Please restate the listing word for word, omitting the images.

» Data in this exercise

========

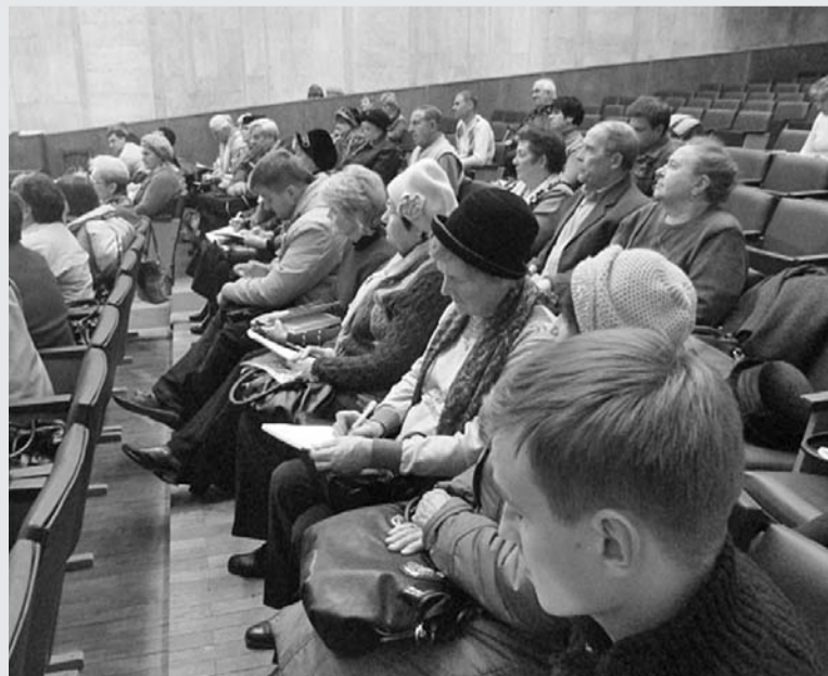
Жилищные активисты Орла напрасно ждали областного чиновника

сали об этом в №2 (№23) от 15 августа 2013 года. Информацию можно получить у нас в офисе.)
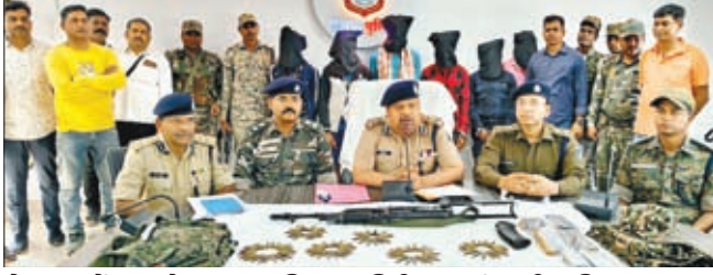
प्रेस कॉन्फ्रेंस करते सरगुजा पुलिस महानिरीक्षक एवं एसपी आदि।
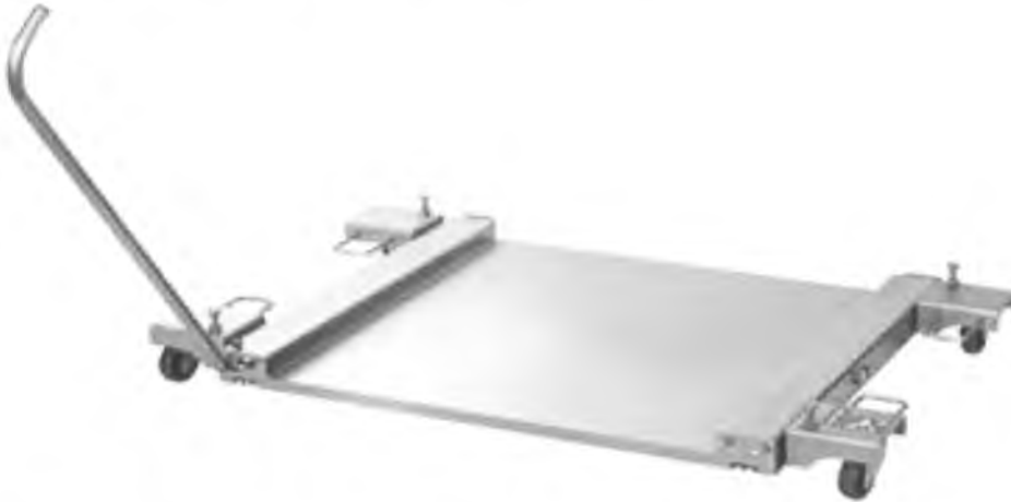
Грузоприемное устройство весов РUA:
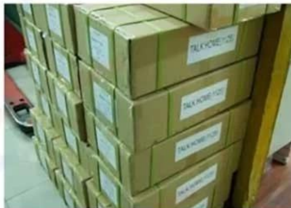
Outside Carton Package
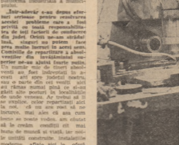
Întotdeauna spunem, un tânăr colectiv de muncă se dezvoltă în jurul unui nucleu de oameni bine pregătiți profesional...
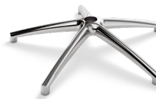
B1T (ALLUMINIO) CODICE: 5010260

========

» Solution to the problem
Жилищные активисты Орла напрасно ждали областного чиновника

сали об этом в №2 (№23) от 15 августа 2013 года. Информацию можно получить у нас в офисе.)
प्रेस कॉन्फ्रेंस करते सरगुजा पुलिस महानिरीक्षक एवं एसपी आदि।
Грузоприемное устройство весов РUA:
Outside Carton Package
Întotdeauna spunem, un tânăr colectiv de muncă se dezvoltă în jurul unui nucleu de oameni bine pregătiți profesional...
B1T (ALLUMINIO) CODICE: 5010260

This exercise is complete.